Steth IO—a uniquely blended hardware and software technology—is bridging this gap. Its remote cardiopulmonary monitors allow physicians to listen to heart and lung sounds as part of real-time virtual visits.

Relying on a small, device-agnostic stethoscope that plugs into patient smartphones, the technology transmits heart and lung sounds—along with visual representations of those sounds—in real time to doctors on the other end of the audio-visual call. This allows the physician to not only check vitals, but have the information needed to reliably identify potential issues and diagnosis appropriate next steps.

Strengthening patient data safety

Concerns about patient privacy continue to cause ongoing concern with telehealth expansion—with over 41 million patient records breached in 2019 (a 48% increase over 2018)—and the federal government temporarily relaxing HIPAA laws during the pandemic.
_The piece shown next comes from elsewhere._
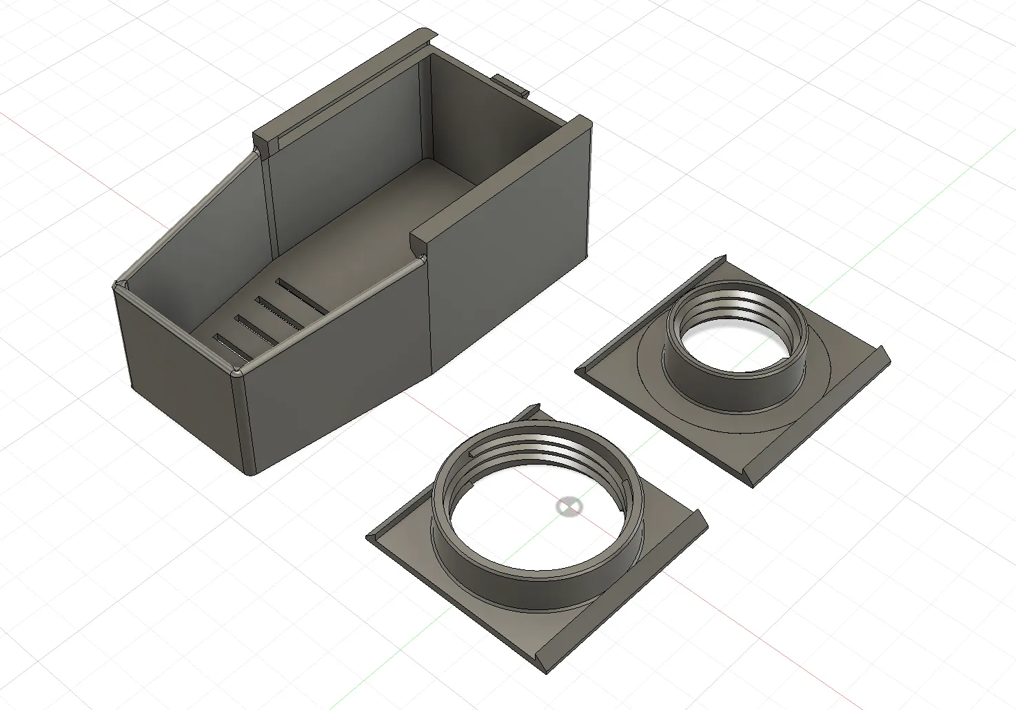 Tôi đã có một cái cho ăn tương tự trong quá khứ khi chỉ số bị đứt. Tôi quyết định thiết kế cái của riêng mình. Vì đây là điều tốt nhất để không giới hạn bản thân vào các thùng chứa thức ăn cho chim chuyên dụng, tôi quyết định sử dụng chai nhựa thông thường và đi theo thiết kế mô-đun để có thể thay đổi bộ chuyển đổi cho một cơ sở.

While telehealth has not been cited as the cause for these breaches, as its use expands, so do fears about meeting HIPAA guidelines and—more importantly—ensuring patient information remains safe.

HIPAA represents a set of laws that organizations agree to uphold, but accountability to those laws is limited. Working with telehealth solutions like Steth IO that are certified through security regulation entities like HITRUST—and adherent to HIPAA laws—can ensure a higher standard of protection and accountability for data shared. In addition, HITRUST certification must be renewed every two years, ensuring ongoing quality control and checks for better data safety.
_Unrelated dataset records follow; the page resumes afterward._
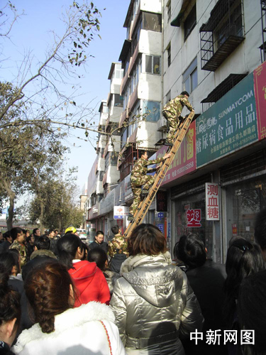 中新網(wǎng)洛陽(yáng)3月11日電 (記者 賈親親 通訊員 鞏衛(wèi)東 魏鵬)3月10日16時(shí)30分左右,河南省洛陽(yáng)市九都路立交橋附近一居民樓出現(xiàn)驚人一幕:一赤腳青年男子從4樓一窗戶爬下時(shí),被大樓門面房上部的門市招牌阻擋遇險(xiǎn),不停的大呼“救命、救命”,急促的呼救聲驚動(dòng)了周圍居民群眾。
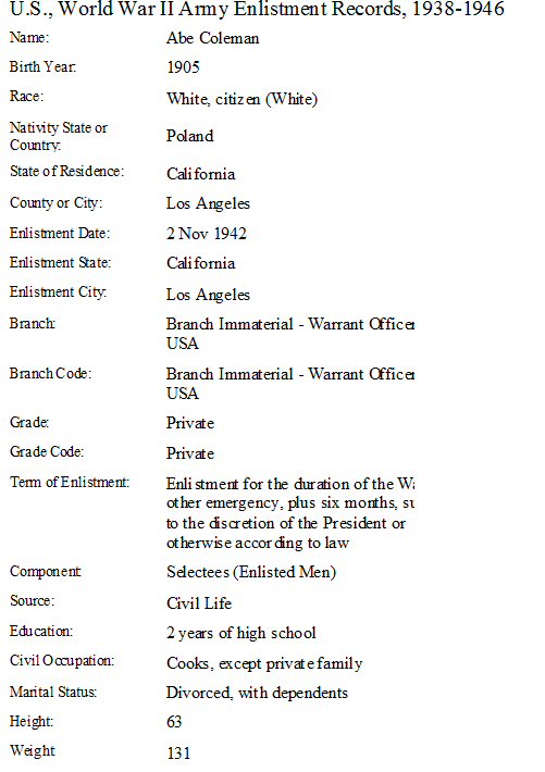 Military Enlistment Date: November 2, 1942 in Los Angeles, Los Angeles County, California.
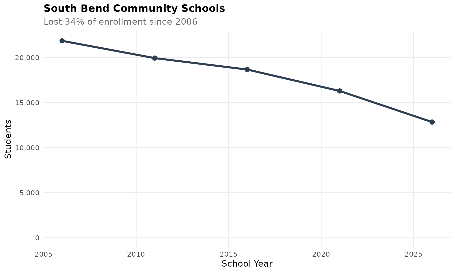 South Bend Community School Corp went from nearly 21,900 students in 2006 to about 14,500 in 2024 – a loss of 34%.
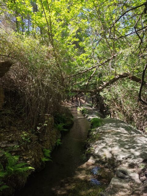 Acequia histórica que conduce el agua de Sierra Nevada hacia cultivos.

Telehealth: seeing the benefits beyond the pandemic

While the need for social distancing and face masks will likely subside with the release and wide administration of a vaccine, the importance of live telehealth will not. Remote care—while important for providing safe care during the pandemic—has benefits that reach beyond what traditional brick-and-mortar doctor’s offices are better able to offer.

Telehealth has the potential to fill gaps in lower-acuity care by making it easier for care teams to see more patients with less overhead and exam rooms. Dr. Mulumudi continues:

U.S. healthcare costs and quality of care is hurting because we’re not able to keep up with the volume of patients that need care. Depending on the condition, though, almost 60% to 70% of these needed clinic visits can be done on telemedicine; they don’t really need to come into an office. Using technologies like Steth IO to truly evaluate patients remotely will allow more patients to be seen, evaluated and delivered therapy.

In addition, by bringing the check-ups to patients where they are, remote monitoring technology helps overcome barriers posed by social determinants of health that traditionally prevent vulnerable patients from getting the care they need—leading to condition exacerbation and increased likelihood of a visit to the ER.

When patients are able to complete live check-ups at home or work with devices like Steth IO and their own smartphone, hassles like lack of transportation, finding suitable childcare, or taking two hours off of work become non-existent, increasing the likelihood of the individual getting the appropriate preventative care.

The expansion of digital health offers an exciting frontier for healthcare, and by leveraging available funding, waivers, and reimbursements, implementing safe, effective solutions like Steth IO has become more affordable and profitable than ever. In addition, care costs are reduced through lower overhead with the increase in virtual visits, and more patients receive appropriate preventative care. Ultimately, unnecessary hospitalization is avoided—and patient outcomes improve.